## Task objective
Could you restate word for word each line from the top of the listing below through the line containing "WaveFolder lets you"? Keep the pictures out.
:::::
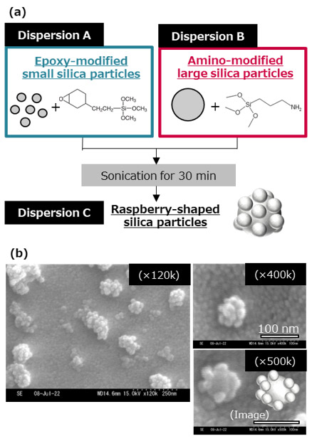 ラズベリー型シリカの作製は以下の手順で行った。オルガノシリカゾル「IPA-ST」(日産化学株式会社製、イソプロピルアルコール分散シリカゾル、SiO2: 30 %、粒子径:約12 nm)に10Mに希釈した2-(3、4-エポキシシクロヘキシル)エチルトリメトキシシランを加え、室温で30分攪拌することでエポキシ修飾シリカ粒子を含むシリカ分散液Aを得た。同様にして、オルガノシリカゾル「IPA-ST-L」(日産化学株式会社製イソプロピルアルコール分散シリカゾル、SiO2:30 %、粒子径:約50 nm)に10 Mに希釈した 3-アミノプロピルトリメトキシシランを加え、室温で30分攪拌することでアミノ修飾シリカ粒子を含むシリカ分散液Bを得た。シリカ分散液A、シリカ分散液 B、1-ペンタノールを混合し、30分超音波をかけることで、アミノ修飾シリカ粒子の表面にエポキシ修飾シリカ粒子が結合したシリカ複合粒子を含むシリカ複合粒子分散液Cを得た(Fig. 1(a))。
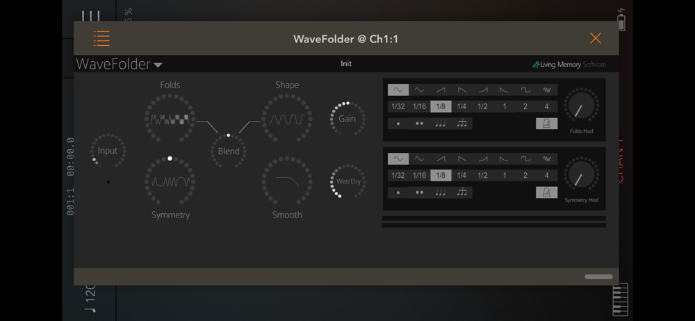 WaveFolder lets you set the folding thresholds and modulate the folding amount and symmetry with tempo based or free running modulators. WaveFolder also includes a wave shaper to add even more interest.
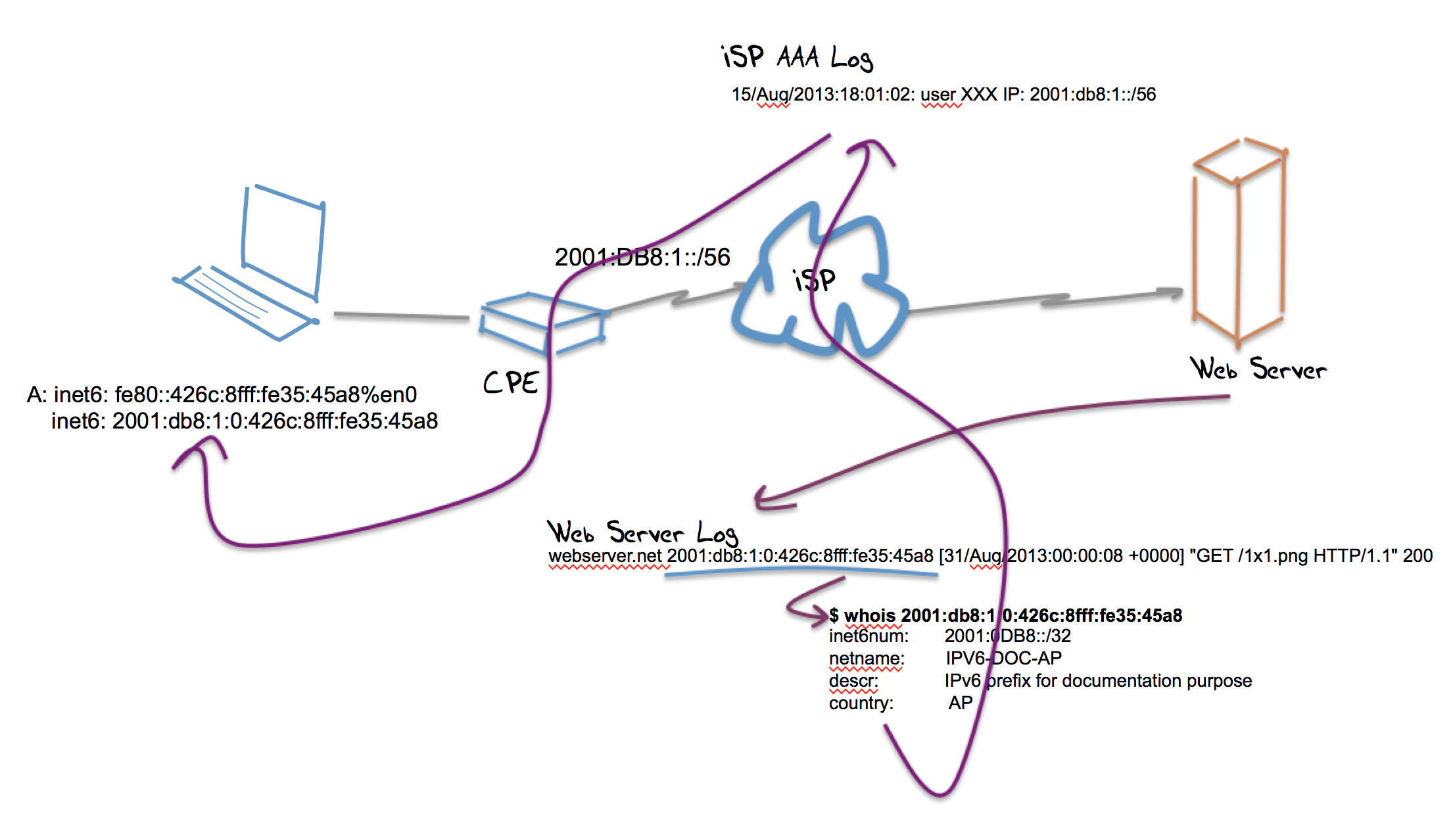 The original intention in IPv6 was to revert to a simpler network architecture that is more closely aligned to that of the original IPv4 Internet, where individual IPv6 addresses are uniquely associated with an end device. The addressing plan in IPv6 is still aligned to service providers so the registry entry for the address will still point to the service provider, and the service provider’s logs will be needed to map the address to a site prefix that has been assigned to an end customer.
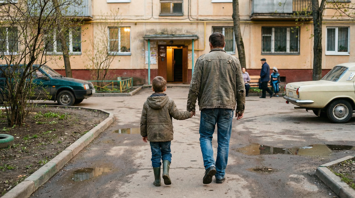 Я обернулась. На пороге стоял мой пятилетний сын. А рядом с ним – мужчина. Высокий, худой, в куртке, которая когда-то была синей. На ногах – разбитые ботинки, замотанные изолентой у подошвы. Запах – не резкий, но заметный. Пот, сырость, улица.
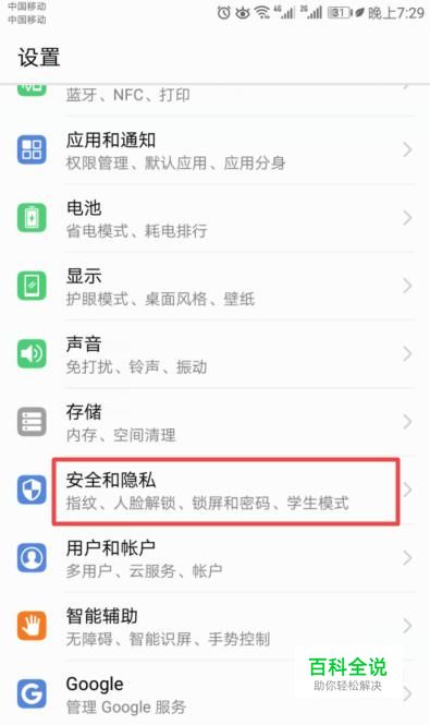 然后我们点击安全和隐私;
:::::
## The completed task
 ラズベリー型シリカの作製は以下の手順で行った。オルガノシリカゾル「IPA-ST」(日産化学株式会社製、イソプロピルアルコール分散シリカゾル、SiO2: 30 %、粒子径:約12 nm)に10Mに希釈した2-(3、4-エポキシシクロヘキシル)エチルトリメトキシシランを加え、室温で30分攪拌することでエポキシ修飾シリカ粒子を含むシリカ分散液Aを得た。同様にして、オルガノシリカゾル「IPA-ST-L」(日産化学株式会社製イソプロピルアルコール分散シリカゾル、SiO2:30 %、粒子径:約50 nm)に10 Mに希釈した 3-アミノプロピルトリメトキシシランを加え、室温で30分攪拌することでアミノ修飾シリカ粒子を含むシリカ分散液Bを得た。シリカ分散液A、シリカ分散液 B、1-ペンタノールを混合し、30分超音波をかけることで、アミノ修飾シリカ粒子の表面にエポキシ修飾シリカ粒子が結合したシリカ複合粒子を含むシリカ複合粒子分散液Cを得た(Fig. 1(a))。
 WaveFolder lets you set the folding thresholds and modulate the folding amount and symmetry with tempo based or free running modulators. WaveFolder also includes a wave shaper to add even more interest.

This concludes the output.